= Chaedini =

Germanic people

The Chaedini (Latinized form) or Chaideinoi or Khaideinoi (Greek forms) were a Germanic people that are listed only in the Geography of Ptolemy. He locates them in the west of a large island, Scandia, off the mouth of the Vistula river. Most scholars concur that Scandinavia is meant.

==Etymology==
A strong etymology of the word is summarized in the American Heritage Dictionary under heath. Chaideinoi is identical in form to its English relative, heathen; that is, Proto-Indo-European *kaito-, "forest, uncultivated land" becomes Common Germanic *xaiþiz, appearing in *xaiþinaz, "people of the uncultivated land". The exact pronunciation of Chaidein- is not certain, but it must have been close to *xaiþin-; that is, Ptolemy's name is close to Common Germanic, even though its exact dating is unknown.

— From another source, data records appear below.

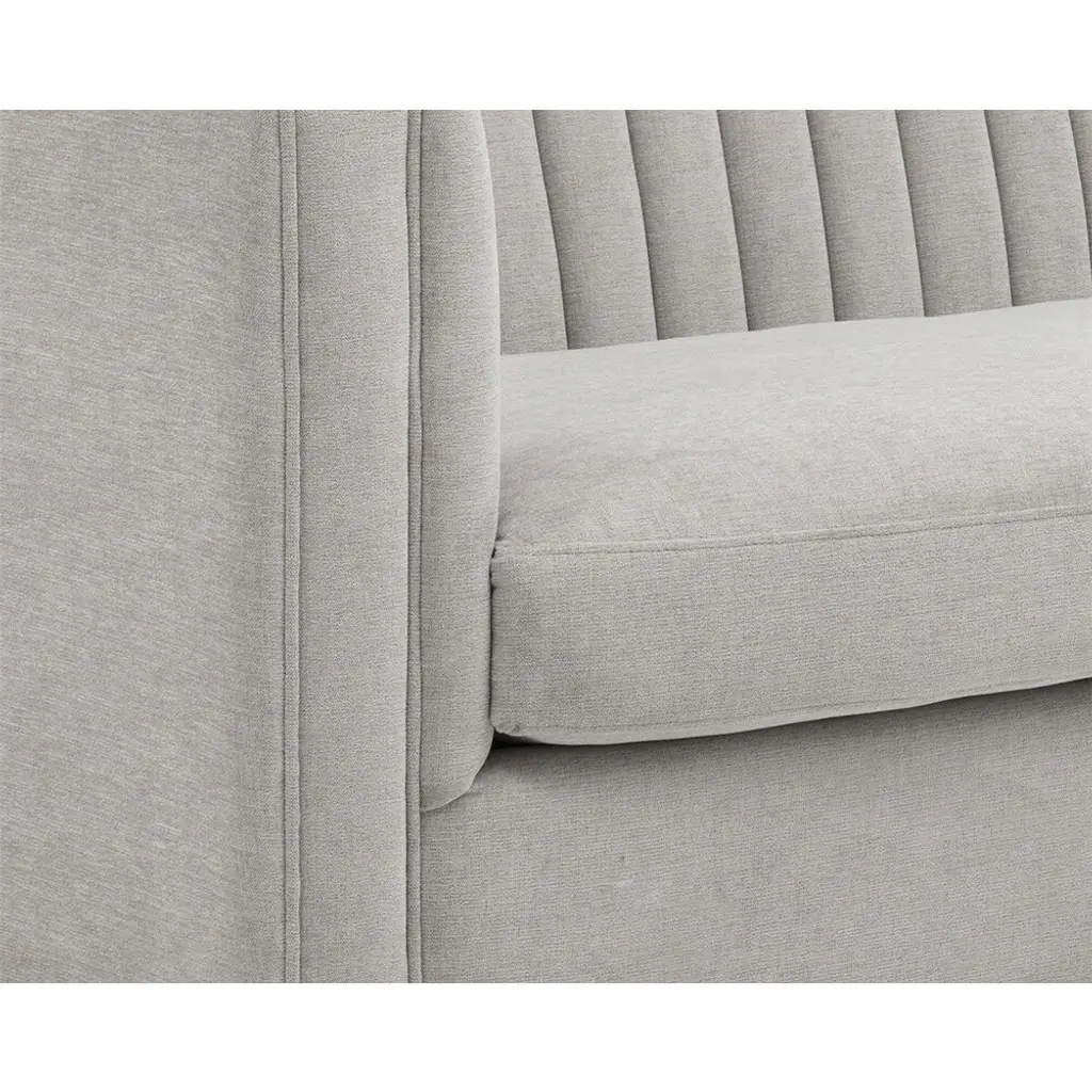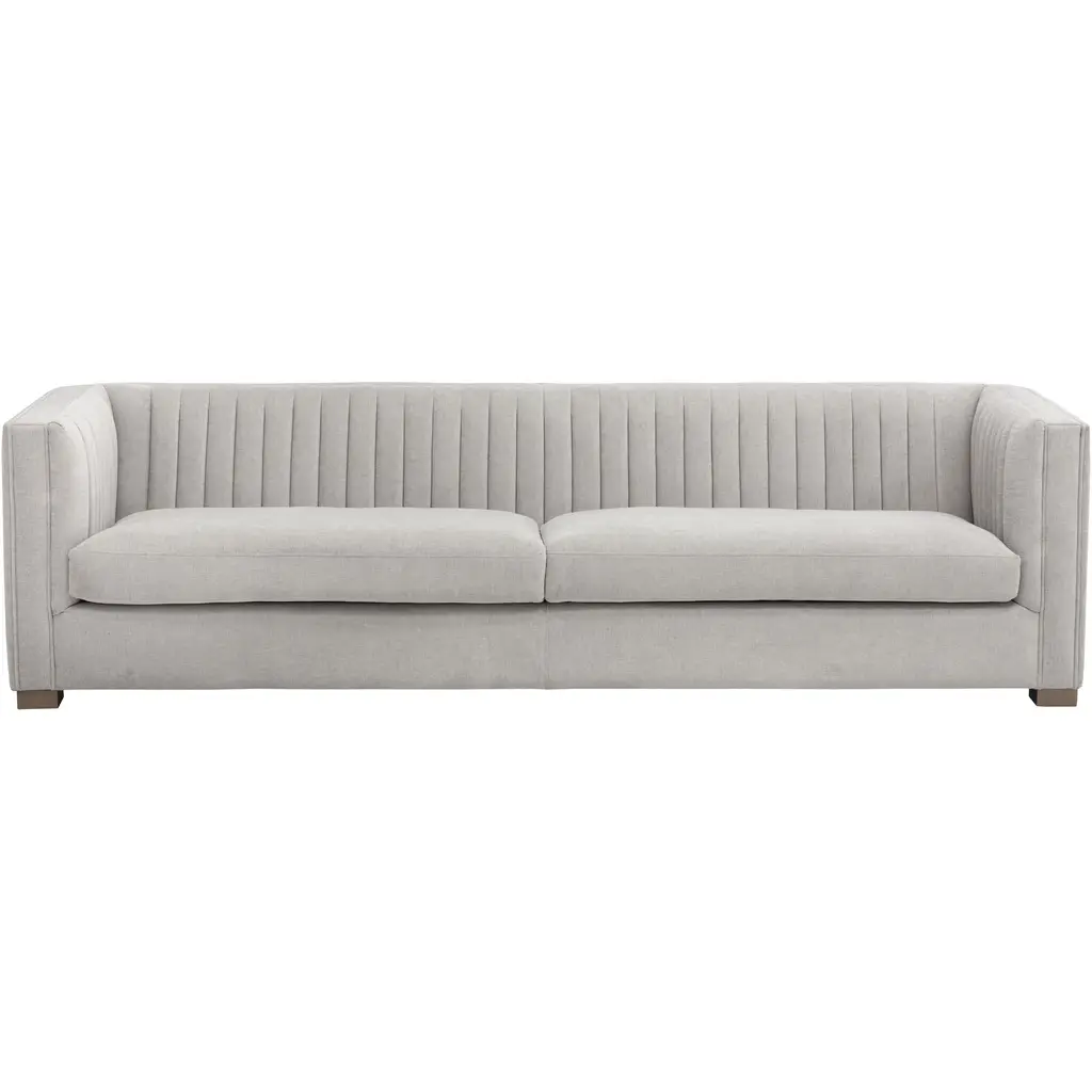 Make a statement with this modern sofa featuring striking channel tufting on the seatback. Stocked in our hemingway silver fabric with antique brass feet. Suitable for residential and commercial environments.
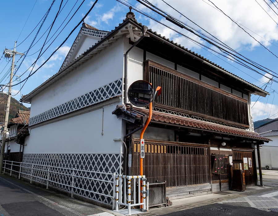 市街地中心部の角地に建つ旧呉服店の店舗兼主屋。二階建入母屋造平入桟瓦葺で北に座敷棟を接続。正面一階は平格子、二階は出格子構えで、西面は白漆喰塗大壁で各階腰を海鼠壁とする。内部一階南東部は土間で北西に座敷を配す。建ちが高く、豪壮な外観の町家。
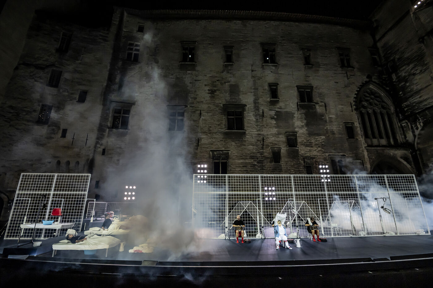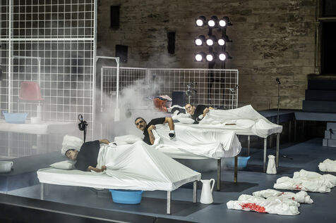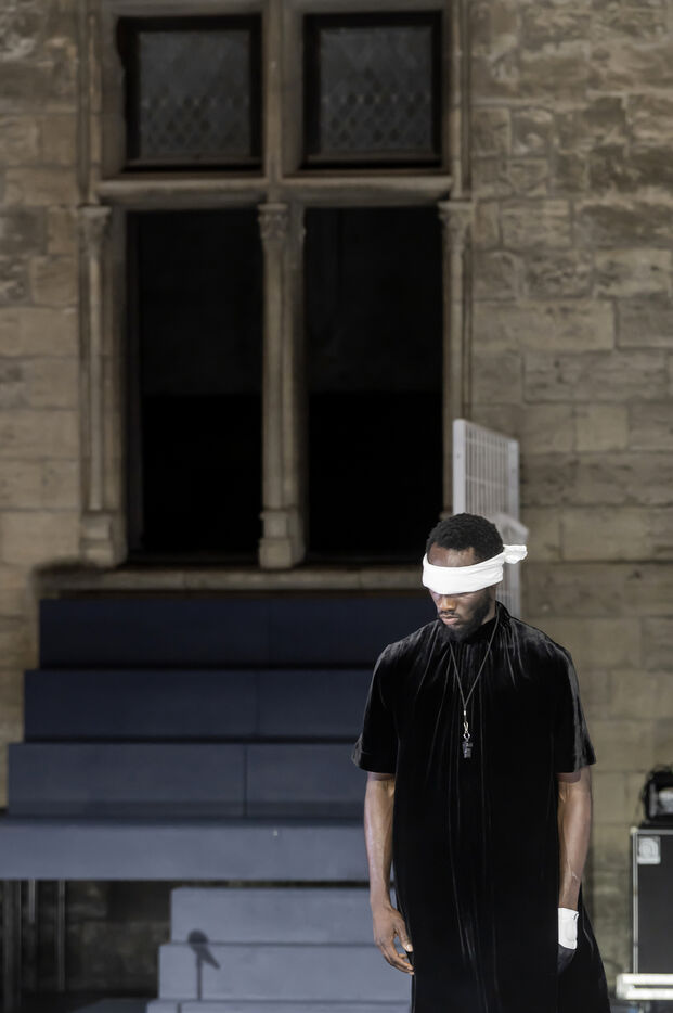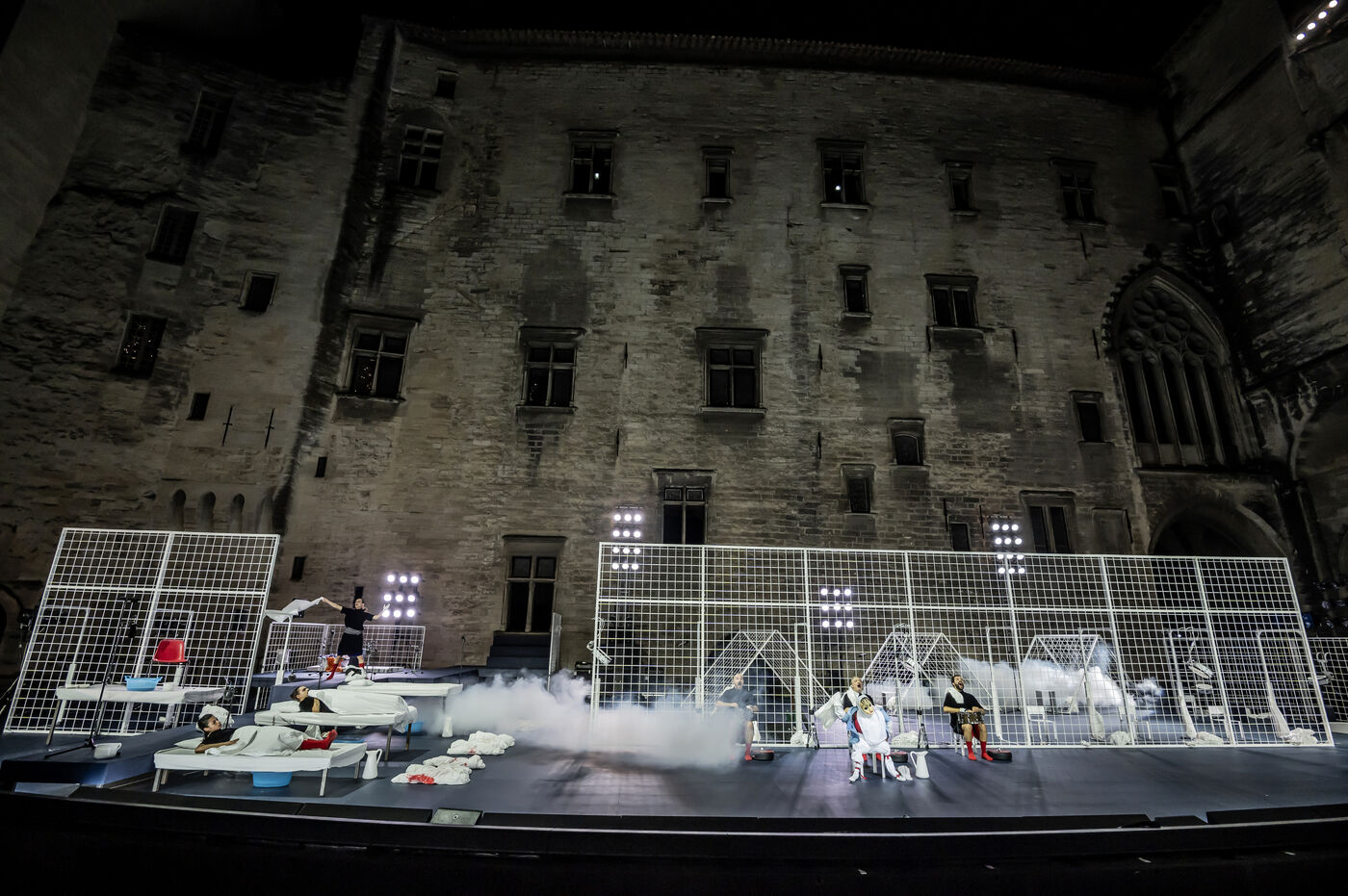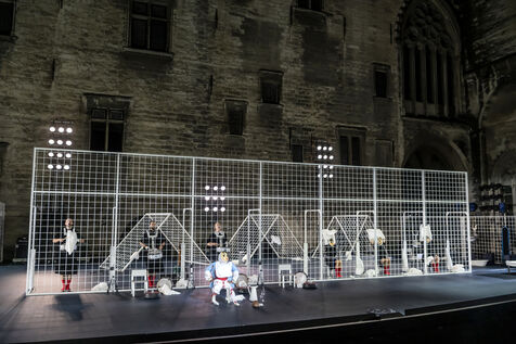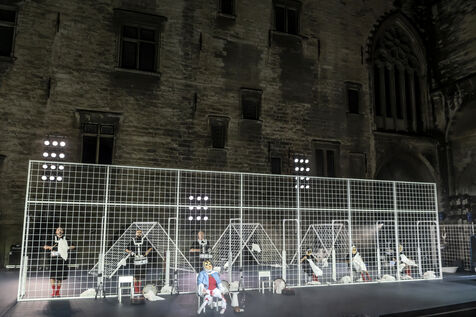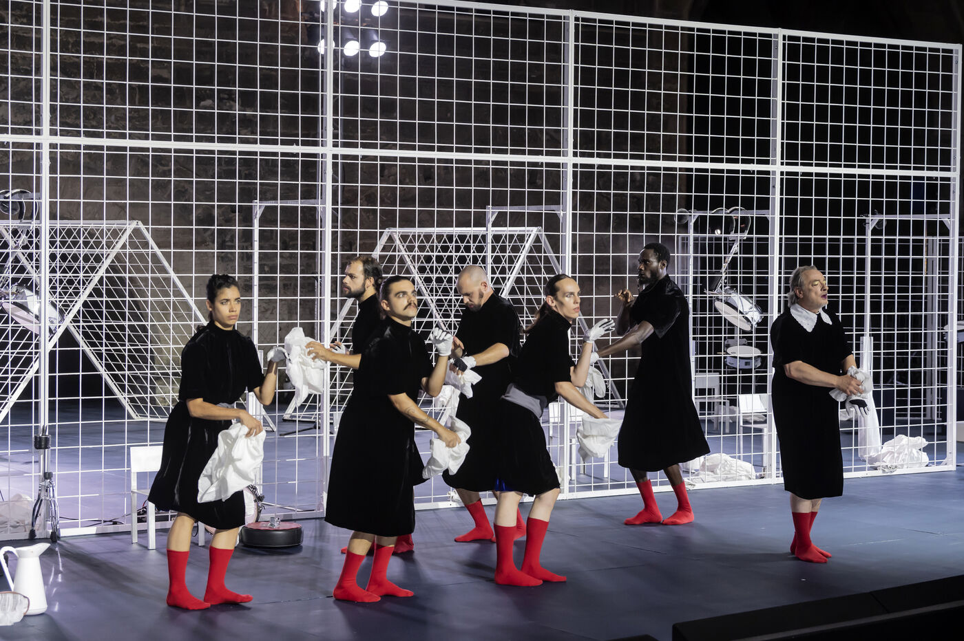 NOT Choreography by Marlene Monteiro Freitas with Marie Albert, Joaozinho da Costa, Miguel Filipe, Ben Green, Henri « Cookie » Lesguillier, Tomas Boital, Rui Paixao and Marian Freitas at the Cour d Honneur du Palais des Papes Avignon. Photograph by Pascal Gely / Hans Lucas

It likely precedes Ptolemy, as he depended on previous sources.

Common Germanic *xaiþ- becomes Hed- in the Scandinavian languages. Possible locations of the Chaideinoi have therefore been proposed at Hedemark in Norway or, if the east of Scandia is actually Finland, in Dalarna and Gästrikland of Sweden, both of which regions contain a high concentration of Hed- names.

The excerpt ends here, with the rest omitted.